Go to NeurIPS 2025 Conference homepageRobust learning of halfspaces under log-concave marginals
Keywords: adversarial robustness, linear classifiers, agnostic learning
Abstract: We say that a classifier is $\text{\emph{adversarially robust}}$ to perturbations of norm $r$ if,
with high probability over a point $x$ drawn from the input distribution, there is no point within distance $\le r$ from $x$ that is classified differently.
The $\text{\emph{boundary volume}}$ is the probability that a point falls within distance $r$ of a point with a different label.
This work studies the task of learning a hypothesis with small boundary volume, where the input is distributed as a subgaussian isotropic log-concave distribution over $\mathbb{R}^d$.

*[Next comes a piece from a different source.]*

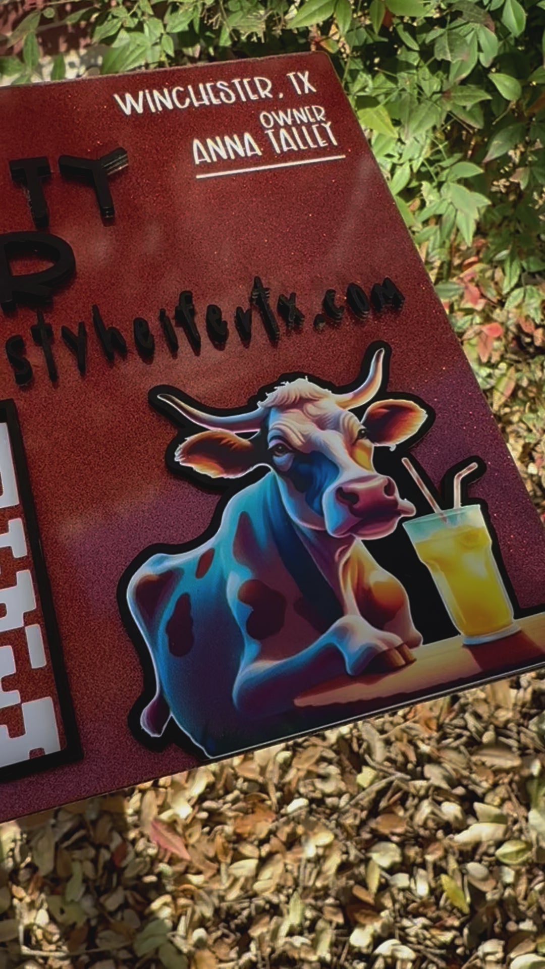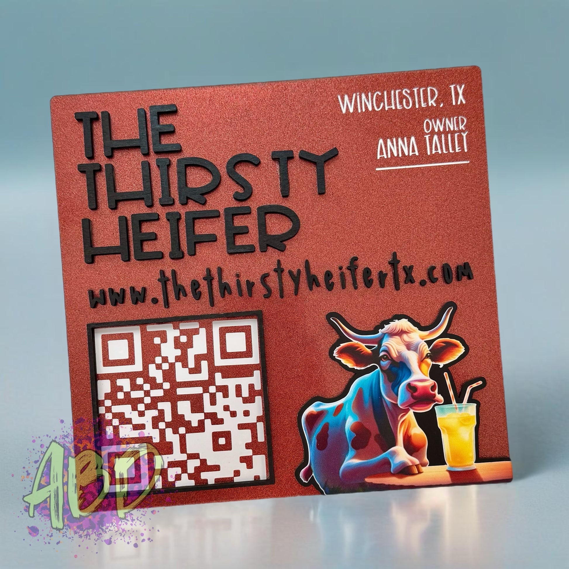 Laser cut and/or engraved in-house from acrylic and/or hand painted wood. Details may be engraved with color added, or with vinyl.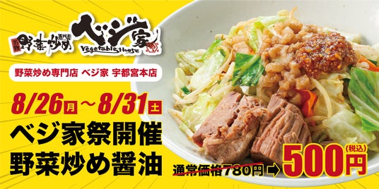株式会社sommet farm(本社:栃木県宇都宮市泉が丘1丁目16-19、代表取締役:大塚 ⿓之介)は、「野菜炒め専門店ベジ家 宇都宮本店(住所:栃木県宇都宮市峰4-10-28 1階、電話:028-678-4404)」にて、'24年8月26日(月)~31日(土)の期間ベジ家祭(ベジヤサイ)を開催します!

Linear threshold functions are adversarially robust; they have boundary volume proportional to $r$.
Such concept classes are efficiently learnable by polynomial
regression, which produces a polynomial threshold function (PTF), but PTFs in general may have boundary volume $\Omega(1)$, even for $r \ll 1$.
We give an algorithm that agnostically learns linear threshold functions and returns a classfier with boundary volume $O(r+\varepsilon)$ at
radius of perturbation $r$.
The time and sample complexity of $d^{\tilde{O}(1/\varepsilon^2)}$ matches the
complexity of polynomial regression.
Our algorithm augments the classic approach of polynomial regression with three additional steps:\
$\quad$ a) performing the $\ell_1$-error regression under $\ell_1$ noise sensitivity constraints,\
$\quad$ b) a structured partitioning and rounding step that returns a Boolean classifier with error $\mathrm{opt} + O(\varepsilon)$ and noise sensitivity $O(r+\varepsilon)$ simultaneously, and \
$\quad c)$ a local corrector that ``smooths'' a function with low noise sensitivity into a function that is adversarially robust.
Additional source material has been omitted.